Hay un discurso basura que circula por las tertulias según el cual la crisis es culpa de todos. Los españoles, por el hecho de serlo, querían casa en propiedad y, pese a lo bien que le fue al mercado con ese deseo, ahora las cuentas dicen que no era posible.

Cuando dormíamos, subía el precio de la casa que habitábamos, fuera nuestra o no, y por eso nos despertaba de madrugada el banco para ofrecernos una hipoteca. La culpa es igual de quien quería una casa para vivir que de quienes compraban y vendían viviendas subiendo el precio de todas. La culpa es muy religiosa y su socialización, muy católica. Más religiosa todavía es una de sus consecuencias, el placer en el sacrificio que también se oye mucho y que está resucitando a los moloquitas ocultos.

Moloch, al que adoraban fenicios, cartagineses y cananitas, llega desde la antigüedad hasta nuestros días a través de Plutarco, Teodoro, La Biblia, Milton, Flaubert, Conan Doyle, Fritz Lang, Jacques Martin y Víctor Mora, es decir por medio de historiadores, novelistas, directores de cine y guionistas de tebeo que representaron a ese dios que otros politeístas llamaron Saturno o Cronos.
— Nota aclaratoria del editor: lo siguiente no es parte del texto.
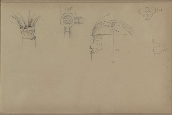 Editor: Here we have Carel Adolph Lion Cachet’s “Scharnieren,” which translates to "Hinges," created around 1906 using pencil on paper. It looks like a page torn from a personal sketchbook. What do you see in this seemingly simple study of mechanical forms? Curator: What immediately strikes me is how even simple hinges can become imbued with meaning when placed on the page like this. They aren't merely functional; they become symbols. The hinge represents connection, but also articulation, movement, even the possibility of change. What did “hinges” represent in 1906? Editor: Change? Social mobility? New mechanical age perhaps? Curator: Perhaps all those things. Notice how Cachet isolates each hinge, almost like presenting variations on a theme. Each one, although similar, possesses a unique configuration. That isolated repetition creates rhythm. But let me ask you, what feeling is conjured up by looking at these somewhat cold technical sketches on the page? Editor: Well, I initially thought these drawings feel sort of...unfinished and detached. But considering them as symbols changes the whole picture. Each isolated hinge might imply different methods of change or the various mechanisms that enable social reform? Curator: Exactly. This artist is almost treating mechanical design as a form of language, one filled with as much symbolic potential as traditional iconography. He could then employ design elements in painting or sculpture. It may even relate to Art Nouveau preoccupation with both organic and geometric forms. These "hinges," therefore, represent far more than just joining; they symbolize possibilities. Editor: I see them in a new light now! They are like a collection of different answers to one fundamental question about joining things, but also transforming how the message changes when we move them around! Curator: And that shifting significance— that's where the power of symbolic imagery truly lies, to give the user of the mechanism an emotive or empowering meaning for the objects of their life. Editor: Thanks; it has certainly opened my eyes to the depth even in something that seems initially simple.

Para reconocer de quien hablamos recordemos que se trata de esa enorme figura hueca —con cuerpo de humano, cabeza de toro y símbolos de poder real— que tenía las manos juntas y las palmas hacia arriba. En ellas, se colocaba al que iba a ser sacrificado. Los brazos del dios, movidos por cadenas, acercaban la víctima a una boca enorme y abierta desde la que se caía a la hoguera. Los tambores y timbales que acompañaban el rito tapaban los llantos de las víctimas. La Cartago asediada por los griegos sacrificó a esa deidad sus primogénitos (su futuro económico).

En los ojos de algunos enfervorizados partidarios de la austeridad no se ve racionalidad económica sino un brillo donde la religión encendió una hoguera purificadora. Son moloquitas.